Pitfalls I have walked into on this exact path

The shortcuts that look smart on the 0x0000001C symptom have a habit of biting back. The pitfalls below are the ones I have personally walked into on a Windows unit, not things I read about. Windows error codes come in a handful of families; once you recognise the family, the doc page is one search away. STOP codes look terrifying but the first DWORD almost always points directly at the responsible driver. Reliability Monitor is the single most underused triage surface in Windows — it gives 30 days of crash history without writing a query. When in doubt I revert to the slower path that the manual prescribes - the time I save by skipping it is always smaller than the time I spend cleaning up afterwards.

What I tell the next on-call

When I hand the 0x0000001C symptom off to the next person on rotation, the three lines I leave in the runbook are these. First, the symptom signature for Windows on the Windows family - not a paraphrase, the exact string that surfaces. Second, the diagnostic that gave the highest signal in the least time. Third, the exact verification command whose green output justified closing the ticket. That trio is what turns a one-off fix into a runbook entry the next engineer can use without paging me at three in the morning.

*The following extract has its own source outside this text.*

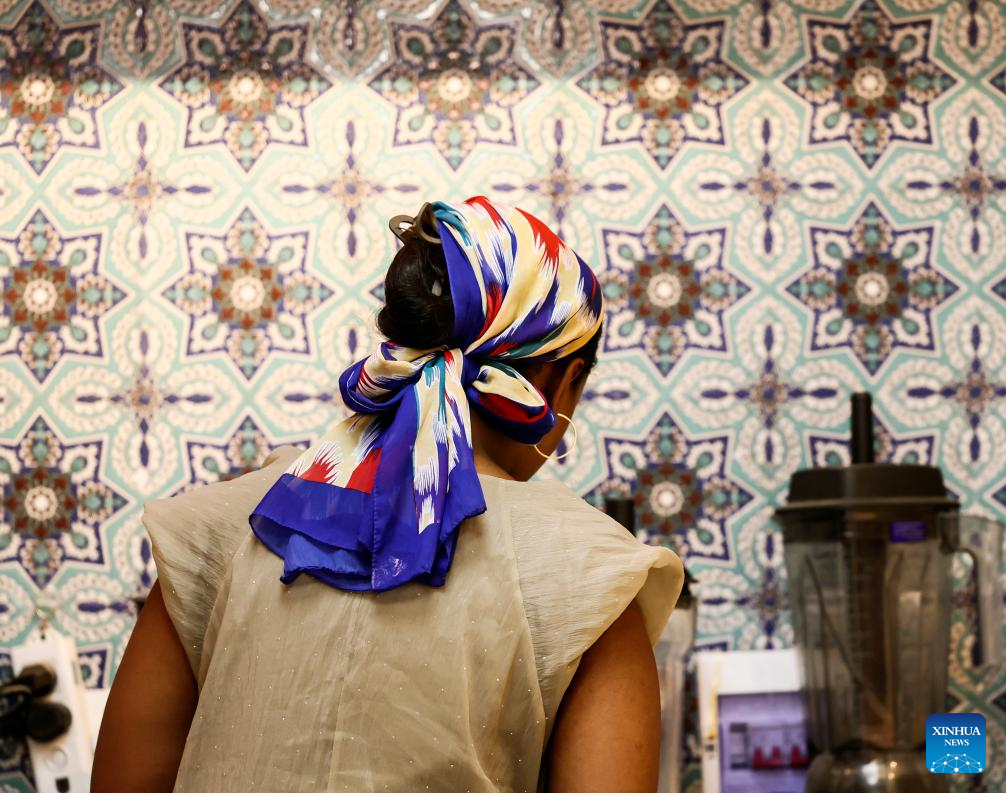 Hadiya Msham Abdulla waits for customers as her husband Dilxat Tursun sees her at the Dili and Diya Cafe at the ancient city of Kashgar scenic area in Kashgar, northwest China's Xinjiang Uygur Autonomous Region, Sept. 7, 2023. (Xinhua/Lan Hongguang)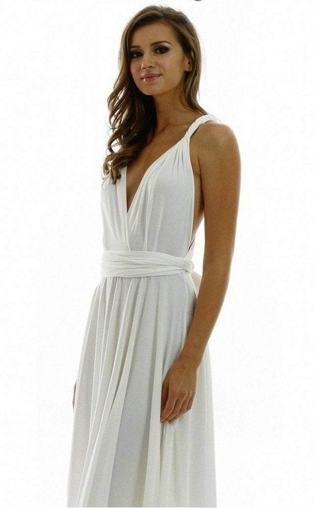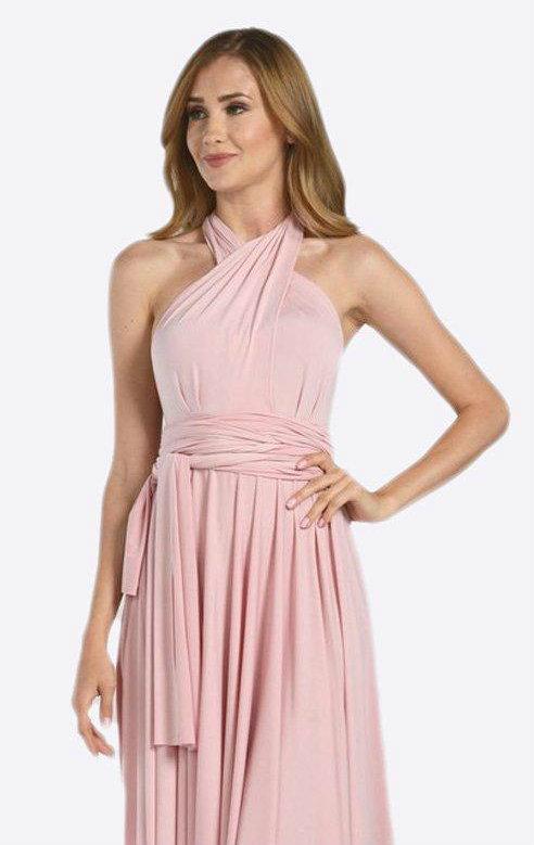 Infuse an exceptional and personal feel with the versatile wrap strap infinity formal dress by Poly USA 7022. This long convertible Jersey Dress features a fitted bodice once worn, with flowing full length skirt and long straps that give this dress beautiful many ways to tie and create more than 20 different looks. This brilliant dress by Poly USA dress is perfect for travel, destination weddings, bridesmaids, prom and cocktail parties.

I also add a one-line note on the cost of getting this wrong. For the 0x0000001C symptom on a Windows unit, the cost is rarely the replacement part. It is the downtime, the second site visit, and the trust deficit you spend with whoever owns the asset when the fix does not hold. That framing keeps the next on-call from choosing the cheap-looking shortcut that ends up costing the most in elapsed hours and goodwill.